Last year was also a record year for the amount of new green power added to the grid, partly a result of shifting deployment and manufacturing from flagging developed countries to emerging economies including Brazil, India and China.

"In 2009, China produced 40% of the world's solar PV supply, 30% of the world's wind turbines, up from 10% in 2007," REN21, or the Renewable Energy Policy Network for the 21st Century, said in a report on Thursday (15 July).

REN21, launched in 2005, is supported by the International Energy Agency (IEA) – which advises 28 industrialised countries – and by the United Nations Environment Programme (UNEP).

Of an extra 80 gigawatts (GW) of new renewable power capacity added worldwide, China added 37 GW, more than any other country, said the study, titled 'Renewables 2010: Global Status Report'.

Boom largely due to European support

Despite the impact of the financial crisis and lower oil prices, renewable capacity grew at rates close to those in previous years, including solar photovoltaic (PV) power at 53% and wind power at 32%, the report said.

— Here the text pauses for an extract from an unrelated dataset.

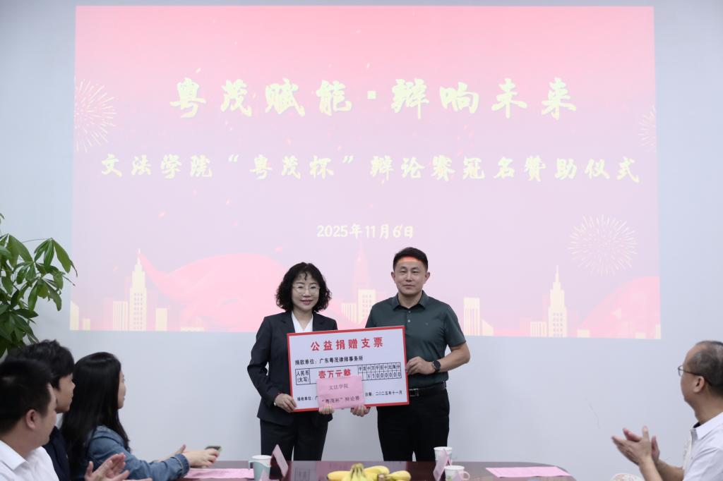 此次冠名赞助仪式的成功举办,不仅为“粤茂杯”辩论赛的顺利开展注入了强劲动力,也进一步拓宽了校企协同育人的路径,是文法学院推动实践教学、链接社会资源的一次生动实践。

Grid-connected solar PV power had grown by an average of 60% every year for the past decade, increasing 100-fold since 2000.

Germany was the top market for solar PV, with 3.8 GW added, or more than half the global market. Spain, the world leader in 2008, saw installations plunge to a low level in 2009 after a policy cap was exceeded.

For wind power, China was the top market, with 13.8 GW added, representing more than a third of the world market. The United States was second, with 10 GW added.

In Sweden, biomass accounted for a larger share of energy supply than oil for the first time.

That boom has been largely on the back of support in European countries, where a recent pullback following recession has raised investor jitters. But the wind and solar sectors were still poised for a record year in 2010, operators and investors say.

While China is making great strides in renewable energy deployment, its carbon emissions also accelerated in 2009 – placing it further ahead as the world's top emitter of the main greenhouse gas blamed for climate change.

Italy cuts renewable incentives

Meanwhile, Italy's energy regulator chairman, Alessandro Ortis, said renewable energy incentives would cost the country's finances more than three billion euros in 2010. He said the incentives should be reviewed to avoid about a 20% rise in power bills by 2020.

"For energy from incentives, we're paying about three times the price of conventional energy," Ortis said in his annual speech on Thursday (15 July). "We need a review of the duration and the level of incentives, with particular attention to solar energy," he added.

Italy's government has decided to cut incentives to the sector in 2011-2013.

(EURACTIV with Reuters.)

European leaders signed up in March 2007 to a binding EU-wide target to source 20% of their energy needs from renewables, including biomass, hydro, wind and solar power, by 2020. 

To meet this objective, EU leaders agreed a new directive on promoting renewable energies, which set individual targets for each member state.